Sam can relate to that. Before she finally cut him off, Gwyneth was in the habit of changing the bottom sheet to signal that at long last she was about to dole him out some thin-lipped, watery, begrudging sex on a pristine surface. Then she’d change the sheet again right afterwards to reinforce the message that he, Sam, was a germ-ridden, stain-creating, flea-bitten waste of her washing machine. She’d given up faking it – no more cardboard moaning – so the act would take place in eerie silence, enclosed in a pink, sickly sweet aura of fabric softener. It seeped into his pores, that smell. Under the circumstances he’s amazed that he was able to function at all, much less with alacrity. But he never ceases to surprise himself. Who knows what he’ll get up to next? Not him.

This is how the day begins. At breakfast, a disaster in itself, Gwyneth tells Sam their marriage is over. Sam drops his fork, then lifts it again to push aside the remains of his scrambled eggs. Gwyneth used to make the most delicate scrambled eggs, so he can only conclude that the scrambled eggs of this morning, tough as boots, are part of the eviction package. She no longer wishes to please him: quite the reverse. She could have waited until he’d had some coffee: she knows he can’t focus without his caffeine hit.

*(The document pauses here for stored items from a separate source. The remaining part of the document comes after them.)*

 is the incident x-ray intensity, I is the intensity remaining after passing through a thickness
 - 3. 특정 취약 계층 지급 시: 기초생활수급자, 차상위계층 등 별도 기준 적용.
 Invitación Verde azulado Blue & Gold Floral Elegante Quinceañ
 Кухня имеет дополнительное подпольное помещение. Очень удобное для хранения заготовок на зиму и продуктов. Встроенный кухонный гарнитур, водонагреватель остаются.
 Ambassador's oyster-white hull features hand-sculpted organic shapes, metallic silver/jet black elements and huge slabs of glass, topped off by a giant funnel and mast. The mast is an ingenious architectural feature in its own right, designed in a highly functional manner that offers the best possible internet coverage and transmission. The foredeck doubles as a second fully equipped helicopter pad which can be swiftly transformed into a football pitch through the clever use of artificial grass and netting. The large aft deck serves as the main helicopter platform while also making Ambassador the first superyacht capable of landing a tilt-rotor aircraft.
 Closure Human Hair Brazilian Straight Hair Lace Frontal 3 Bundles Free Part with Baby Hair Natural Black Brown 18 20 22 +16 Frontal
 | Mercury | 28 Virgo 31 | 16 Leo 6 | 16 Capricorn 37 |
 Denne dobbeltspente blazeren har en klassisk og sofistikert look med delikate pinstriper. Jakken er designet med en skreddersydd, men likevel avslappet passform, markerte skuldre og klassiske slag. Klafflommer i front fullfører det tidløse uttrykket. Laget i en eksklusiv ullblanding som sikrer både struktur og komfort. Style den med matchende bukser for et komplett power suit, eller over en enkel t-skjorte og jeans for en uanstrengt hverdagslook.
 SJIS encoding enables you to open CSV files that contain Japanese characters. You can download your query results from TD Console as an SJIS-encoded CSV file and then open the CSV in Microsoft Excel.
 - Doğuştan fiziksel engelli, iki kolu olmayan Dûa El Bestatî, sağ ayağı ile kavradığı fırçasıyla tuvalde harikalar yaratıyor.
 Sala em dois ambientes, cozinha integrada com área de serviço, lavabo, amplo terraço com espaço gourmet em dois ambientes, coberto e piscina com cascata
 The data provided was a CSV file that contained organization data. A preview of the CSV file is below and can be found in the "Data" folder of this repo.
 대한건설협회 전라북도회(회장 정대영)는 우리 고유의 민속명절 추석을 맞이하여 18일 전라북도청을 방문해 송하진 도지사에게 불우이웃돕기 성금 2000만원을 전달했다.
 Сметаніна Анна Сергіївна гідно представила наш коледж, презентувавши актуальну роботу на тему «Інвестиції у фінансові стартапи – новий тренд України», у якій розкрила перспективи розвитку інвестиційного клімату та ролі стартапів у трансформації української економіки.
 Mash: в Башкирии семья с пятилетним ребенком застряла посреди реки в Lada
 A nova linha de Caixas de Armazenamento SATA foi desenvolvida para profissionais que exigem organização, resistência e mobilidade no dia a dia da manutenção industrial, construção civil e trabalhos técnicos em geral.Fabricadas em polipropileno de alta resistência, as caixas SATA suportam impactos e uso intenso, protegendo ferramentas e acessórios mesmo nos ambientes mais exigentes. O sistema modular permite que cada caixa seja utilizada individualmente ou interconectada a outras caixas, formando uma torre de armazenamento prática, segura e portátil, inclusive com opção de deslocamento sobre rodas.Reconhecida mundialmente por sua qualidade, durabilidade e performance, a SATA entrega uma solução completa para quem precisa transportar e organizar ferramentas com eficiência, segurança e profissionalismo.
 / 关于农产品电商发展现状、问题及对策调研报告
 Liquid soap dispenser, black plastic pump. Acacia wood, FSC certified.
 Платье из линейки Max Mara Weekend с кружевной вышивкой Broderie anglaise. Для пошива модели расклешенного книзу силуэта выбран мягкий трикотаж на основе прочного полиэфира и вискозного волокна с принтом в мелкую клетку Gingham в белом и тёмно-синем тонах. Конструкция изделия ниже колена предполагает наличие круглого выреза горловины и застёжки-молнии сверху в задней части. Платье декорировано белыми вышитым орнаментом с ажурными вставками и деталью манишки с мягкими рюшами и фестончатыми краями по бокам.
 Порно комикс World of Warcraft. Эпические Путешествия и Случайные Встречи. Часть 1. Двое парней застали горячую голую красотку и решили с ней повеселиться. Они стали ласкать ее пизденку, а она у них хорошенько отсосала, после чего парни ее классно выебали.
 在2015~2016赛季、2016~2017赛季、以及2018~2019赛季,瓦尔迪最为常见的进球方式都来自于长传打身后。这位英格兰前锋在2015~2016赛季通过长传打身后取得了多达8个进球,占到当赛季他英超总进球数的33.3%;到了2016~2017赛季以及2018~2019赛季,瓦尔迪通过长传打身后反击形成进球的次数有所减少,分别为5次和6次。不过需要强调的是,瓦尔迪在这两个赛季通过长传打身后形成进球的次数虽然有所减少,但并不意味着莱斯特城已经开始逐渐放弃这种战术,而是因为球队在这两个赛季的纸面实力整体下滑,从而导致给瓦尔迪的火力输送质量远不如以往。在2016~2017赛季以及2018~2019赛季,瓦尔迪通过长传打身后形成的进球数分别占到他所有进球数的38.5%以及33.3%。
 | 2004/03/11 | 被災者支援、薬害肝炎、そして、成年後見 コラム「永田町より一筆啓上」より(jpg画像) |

“Whoa, hold it a minute,” he says, but then he stops. It’s no use. This isn’t the opening move in a fracas, a plea for more attention, or an offer in a negotiation: Sam has undergone all three of these before and is familiar with the accessorized facial expressions. Gwyneth isn’t snarling or pouting or frowning: her gaze is glacial, her voice level. This is a proclamation.

Sam considers protesting: what’s he done that’s so major, so stinky, so rotten, so cancerously terminal? Nothing in the way of mislaid cash and illicit lipstick besmearing that he hasn’t done before. He could criticize her tone: why is she so crabby all of a sudden? He could attack her skewed values: what’s happened to her sense of fun, her love of life, her moral balance? Or he could preach: forgiveness is virtuous! Or he could wheedle: how can a kind, patient, warm-hearted woman like her whack a vulnerable, wounded guy like him with such a crude psychic bludgeon? Or he could promise reformation: What do I have to do, just tell me! He could beg for a second chance, but she’d surely reply that he’s used up all his second chances. He could tell her he loves her, but she’d say – as she’s been saying recently, with tedious predictability – that love isn’t just words, it’s actions.

She sits across the table from him girded for the combat she no doubt expects, her hair scraped severely off her forehead
and twisted at the back of her neck like a tourniquet, her rectilinear gold earrings and clanky necklace reinforcing the metallic harshness of her decree. Her face has been made up in preparation for this scene – lips the colour of dried blood, eyebrows a storm cloud black – and her arms are folded across her once-inviting breasts: no way in here, buddy. The worst is that, underneath the shell she’s enclosed herself in, she’s indifferent to him. Now that every kind of melodrama has been used up by both of them, he finally bores her. She’s counting the minutes, waiting for him to leave.

He gets up from the table. She could have had the decency to postpone the dropping of her writ until he’d dressed and shaved: a man in his five-day-old PJs is at a pitiful disadvantage.

“Where are you going?” she says. “We need to discuss the details.” He’s tempted to come out with something hurt and petulant: “Onto the street.” “As if you care!” “No longer any of your fucking business, is it?” But that would be a tactical error.

“We can do that later,” he says. “The legal crap. I need to pack.” If her thing is a bluff, this would be the moment; but no, she doesn’t stop him. She doesn’t even say, “Don’t be silly, Sam! I didn’t mean you had to leave right this minute! Sit down and have a coffee! We’re still friends!”

But they are not still friends, it appears. “Suit yourself,” she says with a level glare. So he’s forced to shamble ignominiously out of the kitchen in his sleeping gear printed with sheep jumping over a fence – her birthday gift of two years ago when she still thought he was cute and funny – and his downtrodden woolly slippers.